Machine learning has been one of the top tech new topics in recent months and is now being widely applied to businesses. Briefly, machine learning (ML) is an application of AI (artificial intelligence) that allows systems to learn and improve without being directly programmed. Focussing on the development of computer programs that can access data in order to learn autonomously, machine learning is being used by Google on its AI Platform which is bringing all its services, from data preparation to the training, tuning, deploying, collaborating and sharing of machine learning models.
Today ML has the ability to compute vast quantities of data and to collect metrics while developing more intelligent algorithms that will be able to perform complex tasks. Take Periscope Data which is invested in taking machine learning and AI to evolve into a deeper evolution of data analysis and access where humans and machines in what is a quickly evolving business culture today.
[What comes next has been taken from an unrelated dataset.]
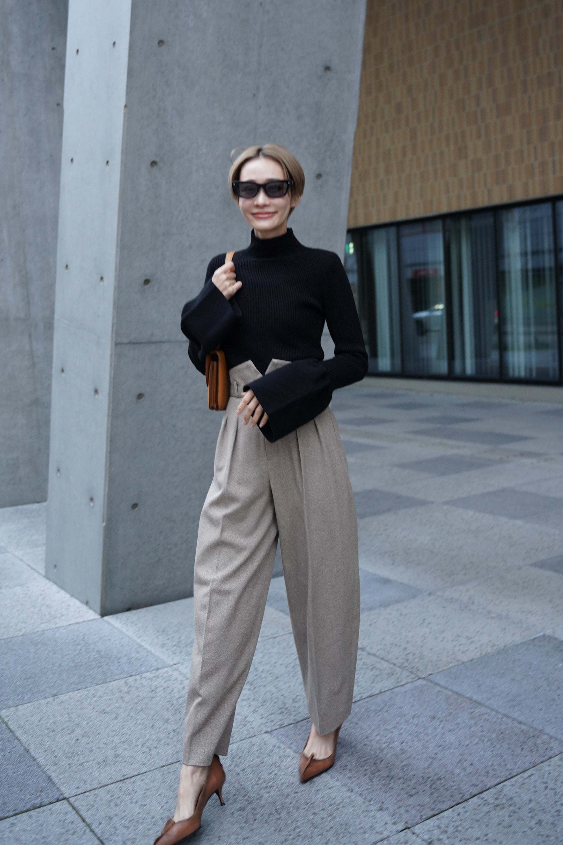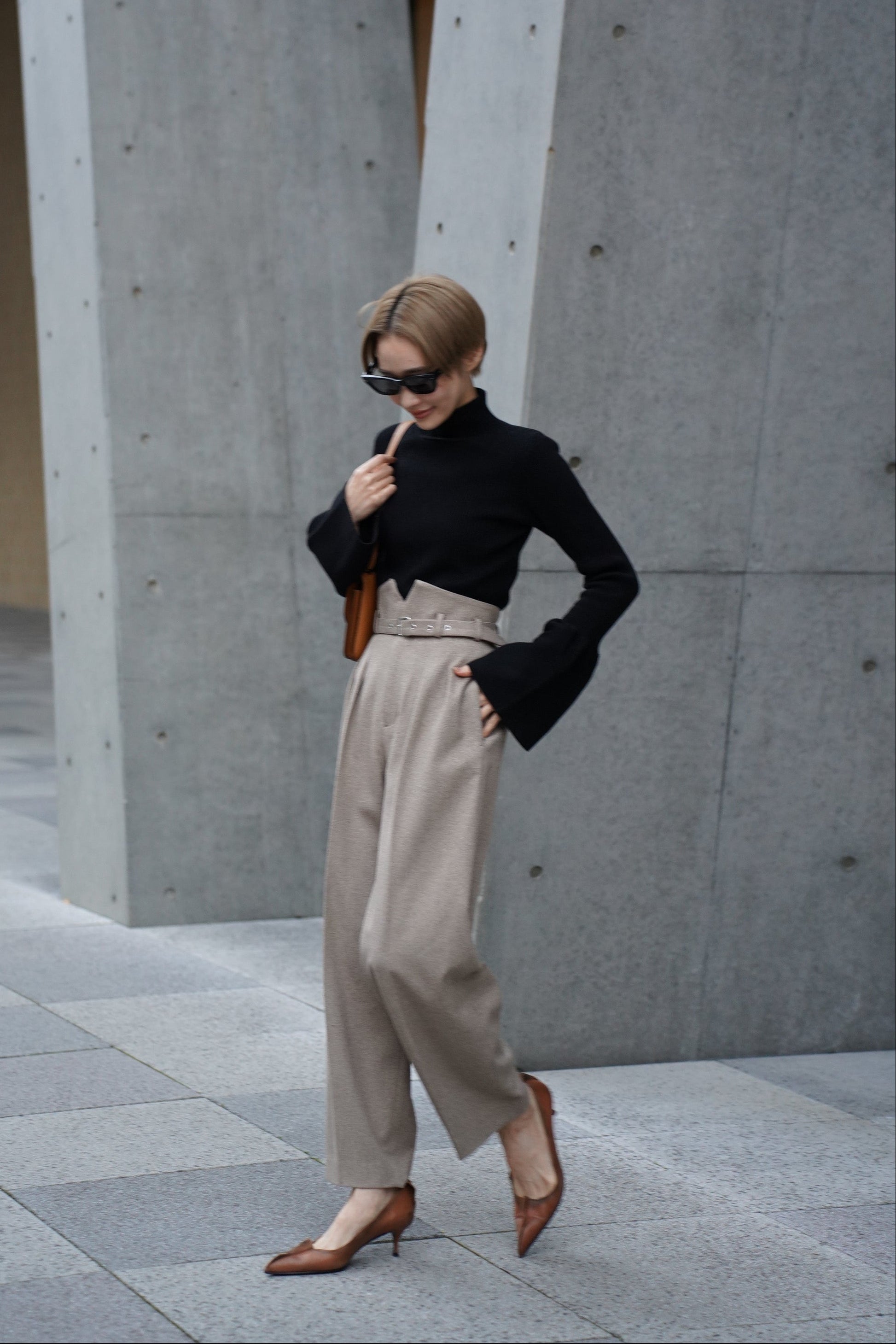 シンプルなニットやカットソーを合わせるだけで洗練された着こなしが完成します。

Where real-time intelligence for complex decision-making is crucial for businesses today, that forecasting the performance of the markets in future years will be best accomplished with ML over human force.
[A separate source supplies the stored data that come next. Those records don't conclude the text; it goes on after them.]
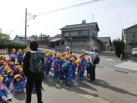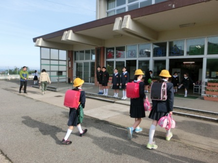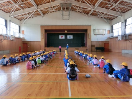 以前の週間予想では雨予報だった今日ですが、遠足日和となり、子どもたちは元気にうれしそうに出発しました。出発式の様子を紹介します。
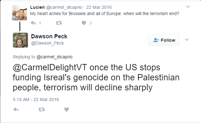 On March 22, 2016, Peck tweeted: “once the US stops funding Isreal's genocide on the Palestinian people, terrorism will decline sharply.”His tweet was in response to another tweet asking “when will the terrorism end?” about ISIS terror attacks in Brussels earlier that day.
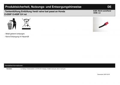 | Titel: | Tankentlüftung Entlüftung Ventil valve fuel passt an Honda Cr250F Cr450F Crf rot |
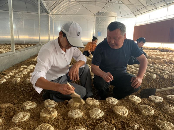 村民在專家指導下維護靈芝菌包(央廣網發 黃凌晨 攝) 產業扶貧——“小靈芝”帶來“大收益” 走進位于紅石村的靈芝種植大棚,一壟壟靈芝已經收獲完畢,被擺上了展示架,一同被展示出來的還有靈芝孢子粉、靈芝酒、靈芝盆景,一株小小的靈芝在這里變換出了不同形態。 可別小看這株手掌大小的食用菌,就在這4畝不到的大棚里,靈芝產量可達到1噸,靈芝孢子粉產量達到800斤!爱a品售出后,保守收入能超過百萬元!闭f起今年的收獲,靈芝種植技術組組長張元秀滿臉笑意。 時間回溯到2019年3月,彼時,岳麓區第二批對口幫扶龍山工作隊剛在龍山落腳!霸鯓訋Т迕駛兠撠殹薄翱梢园l展什么產業項目”這兩個問題一直縈繞在他們的腦海。 空想不行,還要調查。扶貧隊邀請農業專家進行了三輪考察后,發現紅石村氣候條件適宜、水源充足,適宜種植靈芝。“靈芝種植周期較短、附加價值高且耐儲存,種植風險可控。” 紅石村村民張天明今年52歲,因為身體原因不能外出務工,微薄的收入都用在了供養兩個孩子的生活和教育上,兩年前還是村里的建檔立卡貧困戶。 “小靈芝”讓他的生活發生了“大變化”。護土、澆水、靈芝維護……這些并不復雜的活計讓張天明一天能拿到100元工資。“不算上我種百合的收入,在這里一年收入就能破萬!彼χ嬖V記者,現在他的收入更多、更穩定了。 同樣開心的還有張元秀,現在他和幾個村民都掌握了種植技術,來年便可以用今年賺到的“第一桶金”繼續采購菌包、種植靈芝,將種植大棚的面積再擴大些!敖衲攴N植積累了很多經驗,明年我們就更有信心了。” 走出靈芝大棚,記者注意到一塊大大的招牌——紅石田園綜合體!斑@邊300余畝的地已種上了果樹,下一步還將發展觀光旅游、瓜果采摘為一體的田園綜合體!睆堅愕囊环捵屓瞬唤谙,幾年后,桃樹、李子樹紛紛掛果,紅石村靈芝滿園、瓜果飄香,村民們的生活也將日益甜蜜。

There are challenges with the integration of AI within businesses which are often resistant to change. For instance, there needs to be a prioritization of IT applications over IT architecture where companies ought to stop separating digital from AI and instead think of their desegregation. Employee engagement with AI has recently been shown to increase performance and retention in the same way that the Internet Of Things (IoT) has also demonstrated similar advantages. Additionally, AI can function to promote a healthier work culture as TechRepublic recently reported that by analyzing email conversations and biometric data, companies can more easily promote a sense of belonging among employees, identify red flags, and create an engaging work environment.
In fact, ML has been used across various disciplines from healthcare to education and it is showing no sign of slowing down. What is clear from the advantages of using AI within the business is that a majority of companies are actively working on a roadmap for handling data (68 percent), yet only 11 percent of these companies have completed this task. The models which are the most successful today are those which allow certain tasks to be taken over by AI whereby machine learning can acquire more information from and predict consumer behavior. Current ML models allow for rapid iteration of data and they deliver quick, reliable data sets which impact directly on the culture of work for businesses involved in any sort of real-time analytics, data integration and management, sales/revenue forecasting, and personal security and data processing.
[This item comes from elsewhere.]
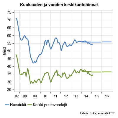 Puun nimellinen vuotuinen keskikantohinta laski noin prosentilla viime vuonna. Kuitupuun hinnat laskivat kaikilla puulajeilla. Tukkien hintakehitys eriytyi: koivutukin hinta nousi, männyn pysyi tasaisena ja kuusen laski. Hankintakauppojen rakennemuutos toi hankintahintoja lähemmäksi kantohintoja.
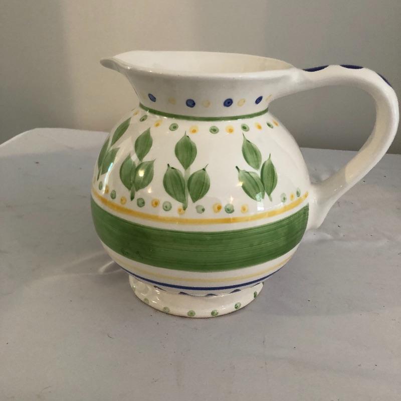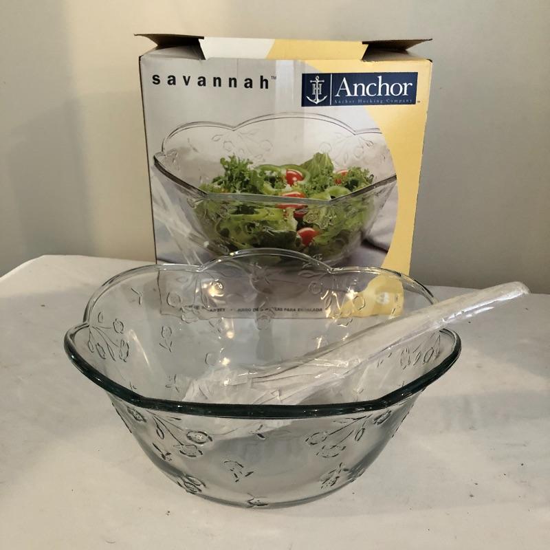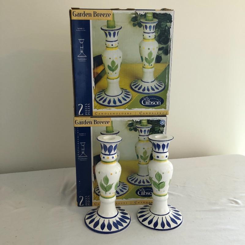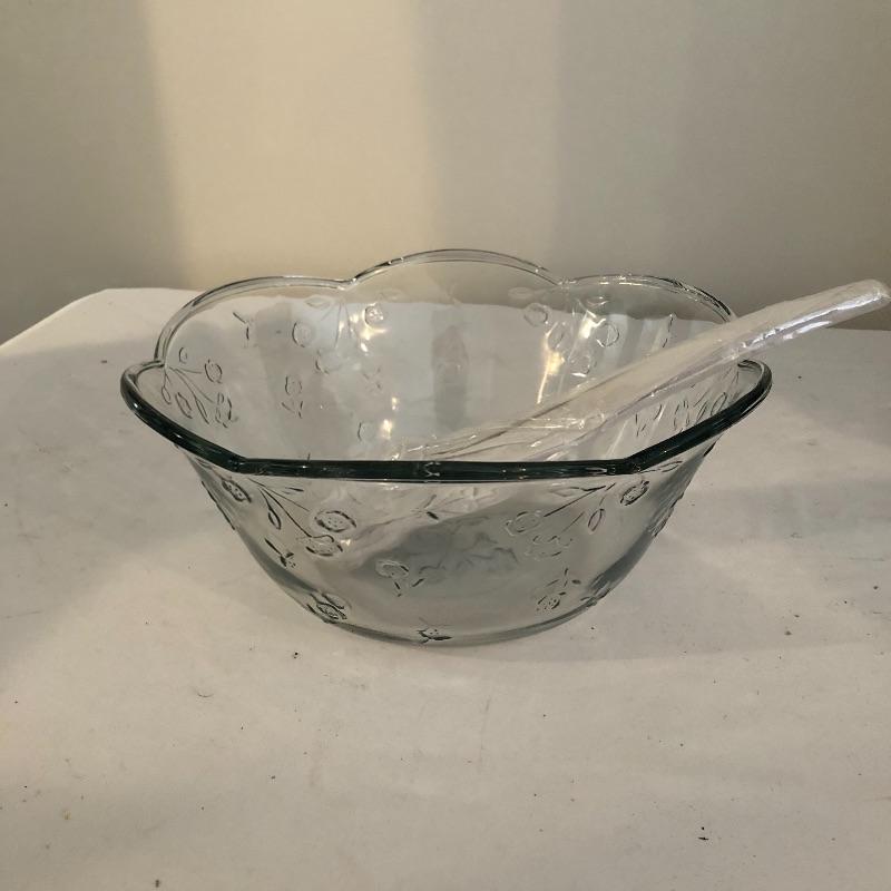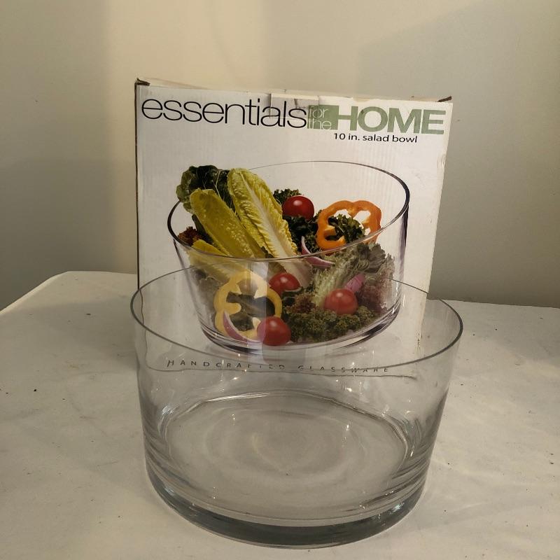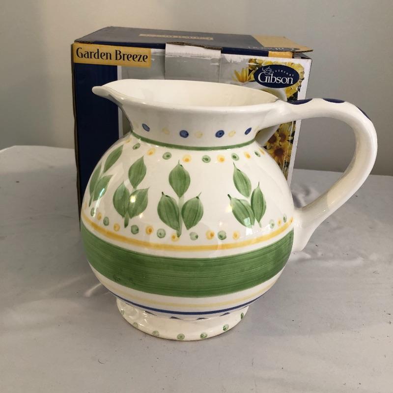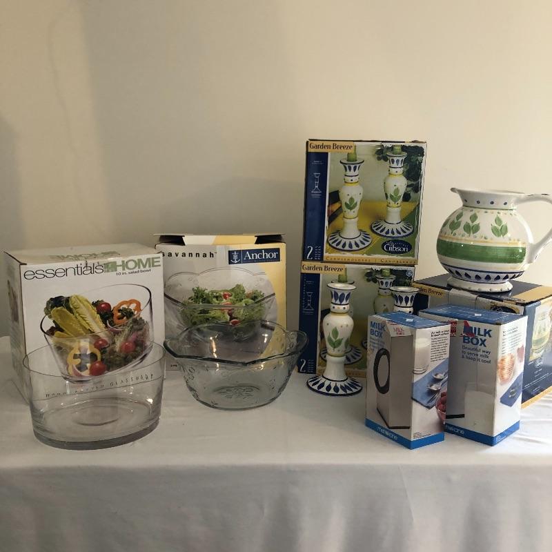 Get a great deal on this kitchen essentials. Lot includes Anchor Hocking glass bowl, Essential Homes glass bowl, Anchor Hocking bowl measures 11.5”D x 5” tall. two milk carton holders, Gibson pitcher with four matching candle holders.

As machine learning has provoked worries in many quarters that our jobs will be replaced by AI, the reality is that machine learning is already merely allowing humans to get on with the more interesting facets of their jobs as AI slogs away at the more mundane aspects of operations such as data mining. It's time for us to embrace machine learning for what it offers us instead of worrying what it might take away. In the end, we can look to ML as a time-saving device that allows humans to explore their more creative ambitions while ML is in the background crunching numbers and generally taking on the more mundane tasks.